**Records excerpted from a collection**
%%
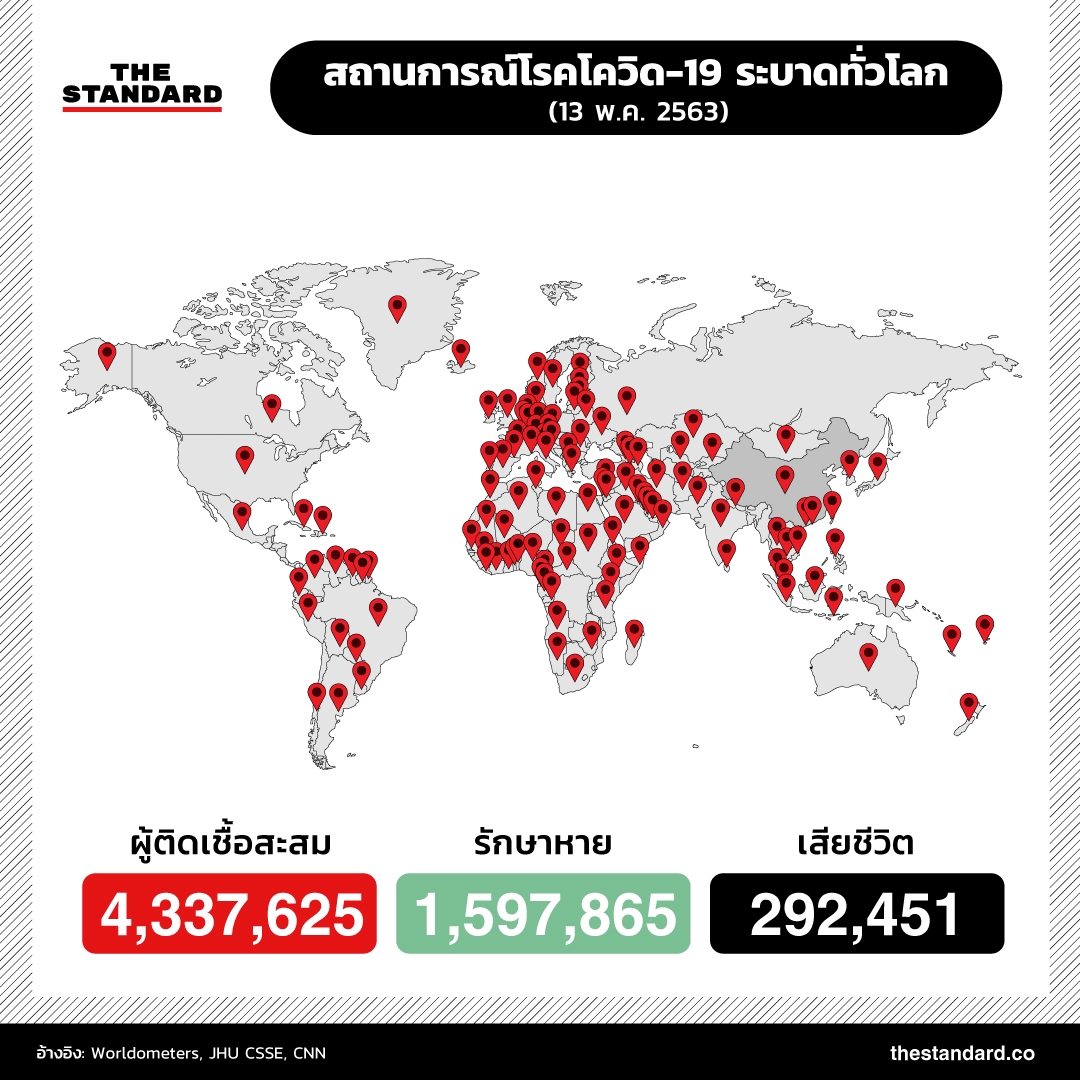 วันนี้ (13 พฤษภาคม) การแพร่ระบาดของโควิด-19 กำลังก้าวเข้าสู่เดือนที่ 5 ยอดผู้ป่วยโควิด-19 ทั่วโลกยังเพิ่มสูงขึ้นอย่างต่อเนื่องสูงกว่า 4.3 ล้านรายแล้ว รักษาหายเกือบ 1.6 ล้านราย หรือกว่า 1 ใน 3 ของผู้ติดเชื้อทั้งหมด เสียชีวิตแล้วเกือบ 3 แสนราย อัตราการเสียชีวิตอยู่ที่ 6.74%
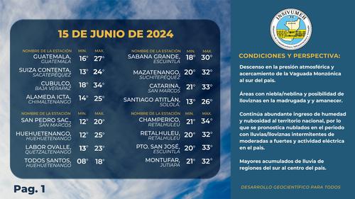 Para este sábado 15 de junio, el Instituto Nacional de Sismología, Vulcanología, Meteorología e Hidrología (Insivumeh) pronostica un descenso en la presión atmosférica y acercamiento de la Vaguada Monzónica al sur del país.
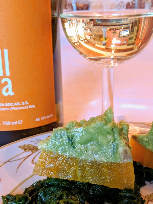 For example, today’s lunch: Golden Beets and Spicy Guacamole with a Malvasia di Candia Aromatica (from Piacenza, Emilia Romagna region, Italy).
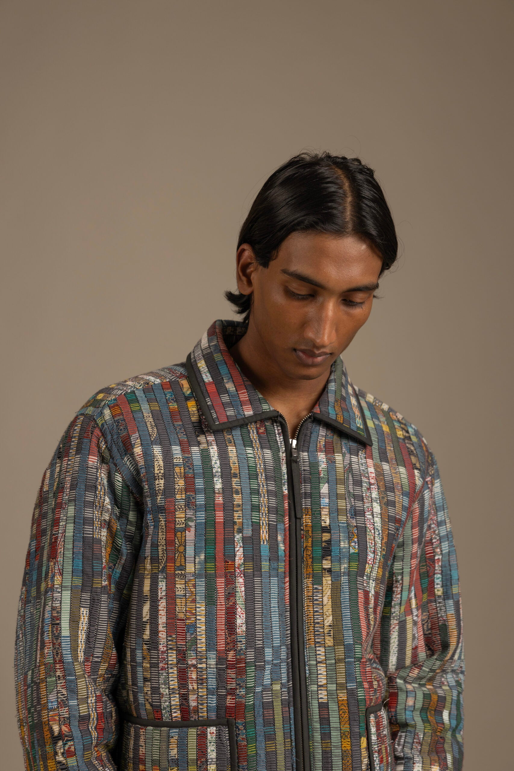 BLUE BLUE JAPAN INDIGO SASHIKO HAND DYED ZIP UP JACKET
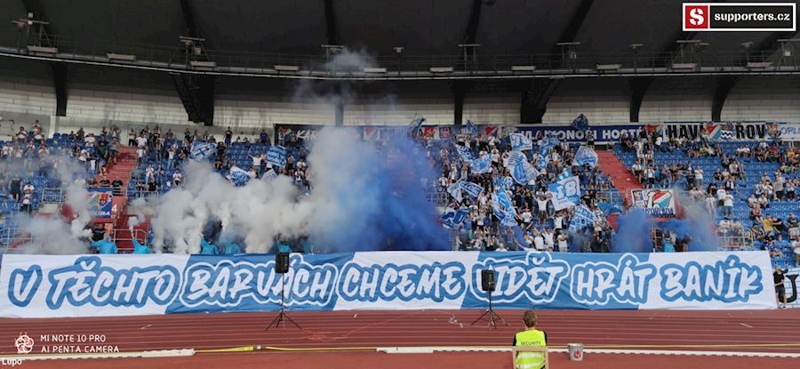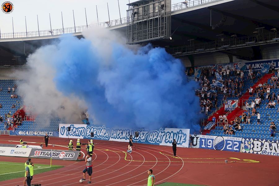 Ostravský Baník hostil ve 2. kole České Budějovice a vyprodaný stadion (3.900 diváků – snížená kapacita kvůli koronaviru) viděl remízu 2:2. Domácí fanoušci ve druhém poločase zahajují desinfekci stadionu pomocí pyrotechniky a Baník následně vyrovnává.
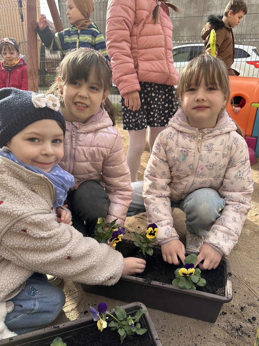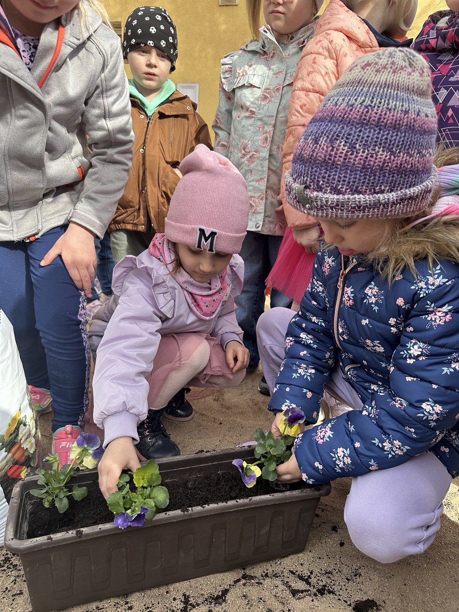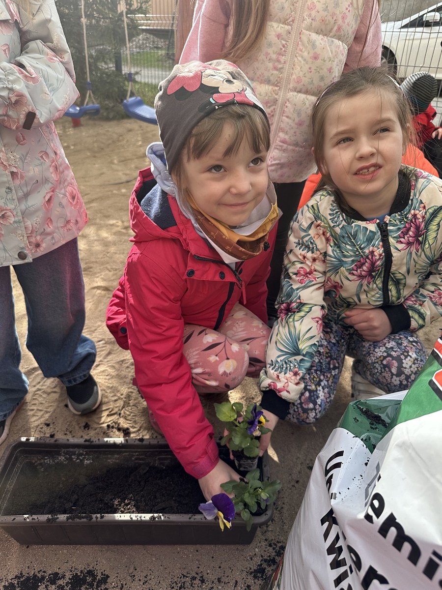 Po powrocie do przedszkola na dzieci czekało kolejne zadanie – sadzenie bratków. Przedszkolaki z ogromnym zaangażowaniem posadziły kwiaty, które już wkrótce ozdobią przedszkolny ogródek. Była to nie tylko świetna zabawa, ale także cenna lekcja dbania o rośliny i środowisko.
%%
**Work instructions**
Pictures stay out; reproduce exactly the lines from the one containing "BLUE BLUE JAPAN" through the end of the data.

**Reply**
 BLUE BLUE JAPAN INDIGO SASHIKO HAND DYED ZIP UP JACKET
 Ostravský Baník hostil ve 2. kole České Budějovice a vyprodaný stadion (3.900 diváků – snížená kapacita kvůli koronaviru) viděl remízu 2:2. Domácí fanoušci ve druhém poločase zahajují desinfekci stadionu pomocí pyrotechniky a Baník následně vyrovnává.
 Po powrocie do przedszkola na dzieci czekało kolejne zadanie – sadzenie bratków. Przedszkolaki z ogromnym zaangażowaniem posadziły kwiaty, które już wkrótce ozdobią przedszkolny ogródek. Była to nie tylko świetna zabawa, ale także cenna lekcja dbania o rośliny i środowisko.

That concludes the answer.